By Suman Mukherjee and Forsyth Alexander
As the world waits anxiously for the fourth installment of the popular Jurassic Park movie series to be released Friday, we thought it would be fun to look into the social buzz for the upcoming summer blockbuster.
As fans, we were curious about things like, where the most Twitter chatter was happening, how tweets were breaking down by gender, overall sentiment, peak times for chatter, and more.
So we uploaded some Twitter data about Jurassic World into Watson Analytics, IBM’s natural-language cloud-based analytics service, and within minutes began unearthing pretty interesting insights, such as: the country with the most tweets so far is Chile; on the whole, women are tweeting more than men; and Portugal has the highest number of positive tweets, but also the most negative.
For each bit of research and each question we asked, Watson Analytics provided a visualization that summarized the information so we could understand what we were seeing quickly and easily.
That’s the great part about Watson Analytics – it’s all about opening up and extending the power of predictive analytics to people with little to no analytics experience to help them start making data-driven, strategic decisions.
Getting started is easy. After logging into Watson Analytics, we simply used the Twitter Data Connector in the service to import Twitter chatter for #jurassicworld from February 1 to May 29, 2015. As soon as we clicked on the imported Twitter dataset, the “guided” feature kicked-in and Watson Analytics shared exploration starting points. We didn’t have to type a word.
Based on the visualizations, we were able to see that:
- Although Chile had the highest total of authors tweeting about the movie, Mongolia wasn’t far behind.
- In April, women had more positive comments about the movie than in May.
- Overall, sentiment for the movie was positive, which was to be expected. However, there was no appreciable change in the order of sentiment over time. Positive was highest for each day, followed by neutral, then negative and then ambivalent.
- The global volume of all tweets (whether positive or negative) surged during the last five days of the month.
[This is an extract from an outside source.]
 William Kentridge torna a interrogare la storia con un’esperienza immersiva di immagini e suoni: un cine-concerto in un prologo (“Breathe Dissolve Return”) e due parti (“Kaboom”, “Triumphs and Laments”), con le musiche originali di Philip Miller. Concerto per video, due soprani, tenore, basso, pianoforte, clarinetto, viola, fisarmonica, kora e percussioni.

The surge of sentiment and tweets toward the end of May might be a reflection of the increased number of trailers being released, the Jurassic World tumblr page, and the fact that the release date was nearing. Regardless, such insights could be valuable for the later releases of the movie in other countries or could be used to drive earlier previews for more positive chatter sooner.
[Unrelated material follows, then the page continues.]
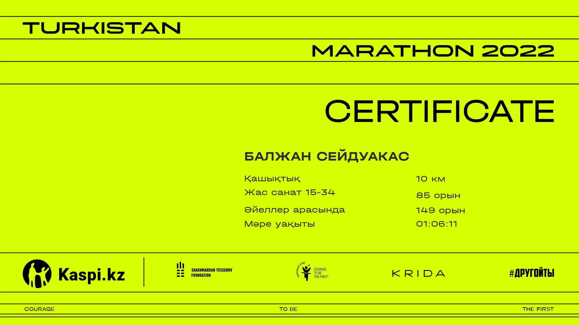 | 469 | Даурен Каллашович | ![]() | Шымкент | 1469 | 01:06:47.73 | 01:06:47.21 | Жүктеп алу | |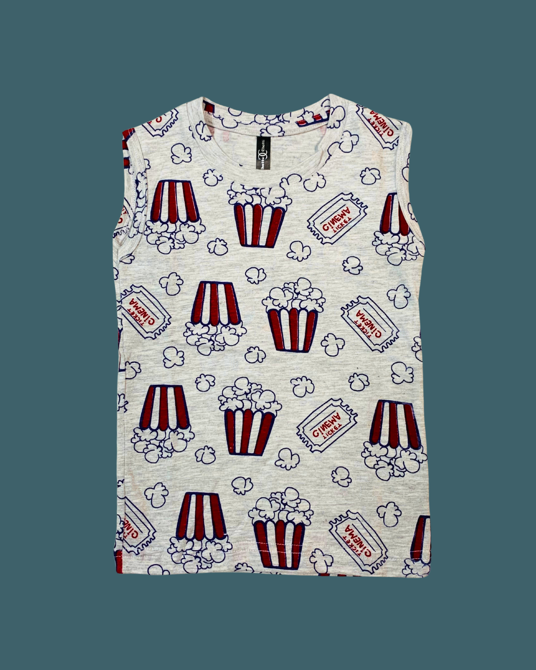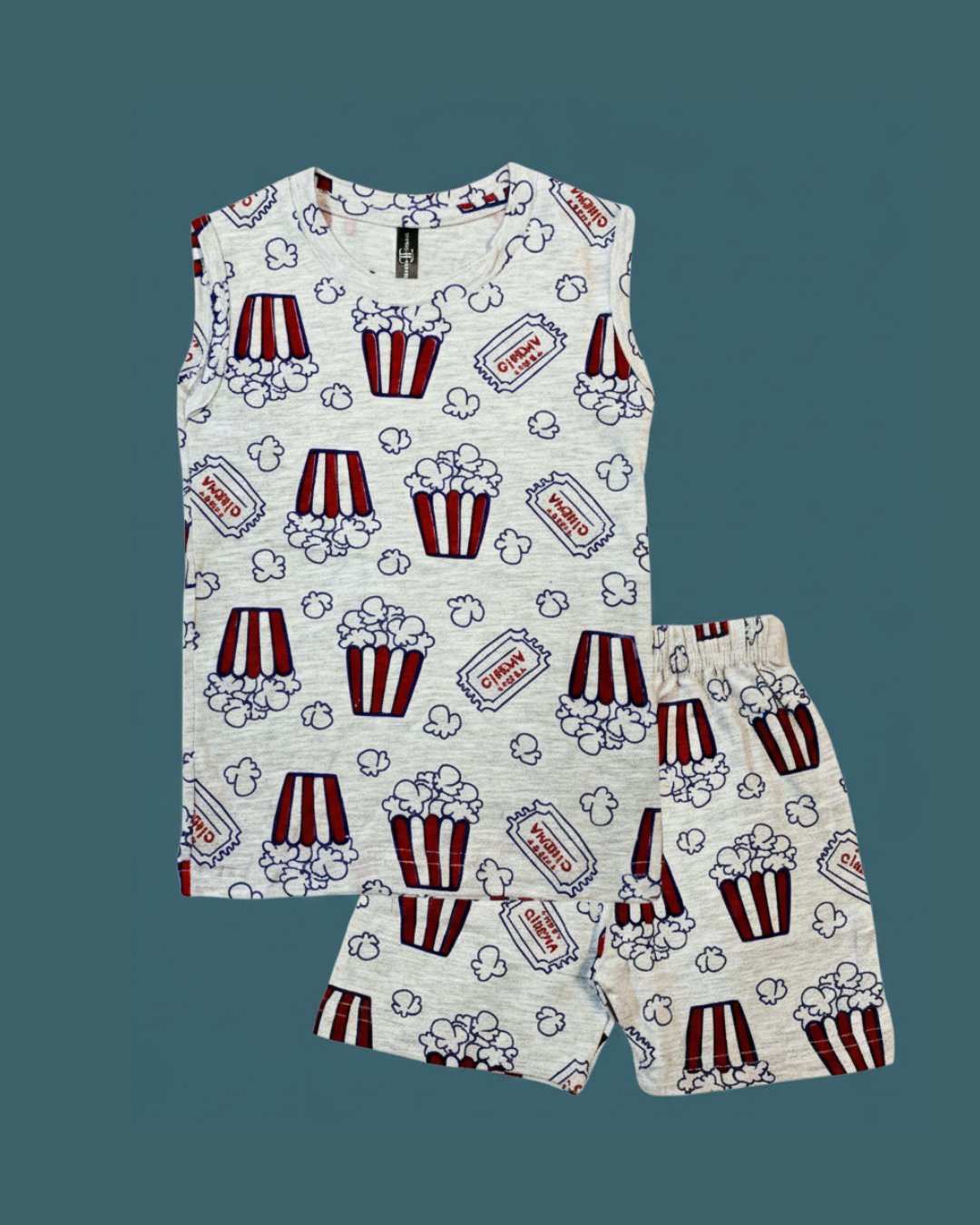 Movie Popcorn Print Kids Sleeveless T-Shirt Shorts Set (Unisex)

Adding language and city for even deeper insight into sentiment
We admit, we’re in the analytics business, but we were still fascinated by what we were learning about sentiment—and so fast. Now that we knew about which gender was tweeting more and when positive tweeting was at its highest, we once again took advantage of how Watson Analytics can process natural language by asking for sentiment about the movie by language, by cities and then by cities plus tweet type.
Watson Analytics answered our questions with scatter plots that showed:
- Only neutral sentiment was expressed in Arabic and in Ukrainian.
- The difference between positive sentiment and neutral sentiment in Norwegian was much higher than for other languages and the incidence of negative sentiment was quite low.
- Negative sentiment was higher in most of the cities I looked at, with positive sentiment staying steady until it reached Los Angeles. Also, there was a huge spike in positive sentiment from authors in New Orleans.
- The majority of negative sentiments came from shares and not original tweets.
The great thing about Watson Analytics is that it is accessible to people with little to no analytics skills. So, for example, a worldwide marketer for the studio or distributor or even a star’s publicist could use this information to adjust promotions or campaigns in the countries where Arabic and Ukrainian are spoken.
With our curiosity sated, we returned to work confident that Watson Analytics is embodying the quintessence of self-service analytics. Now, we can’t wait for the movie.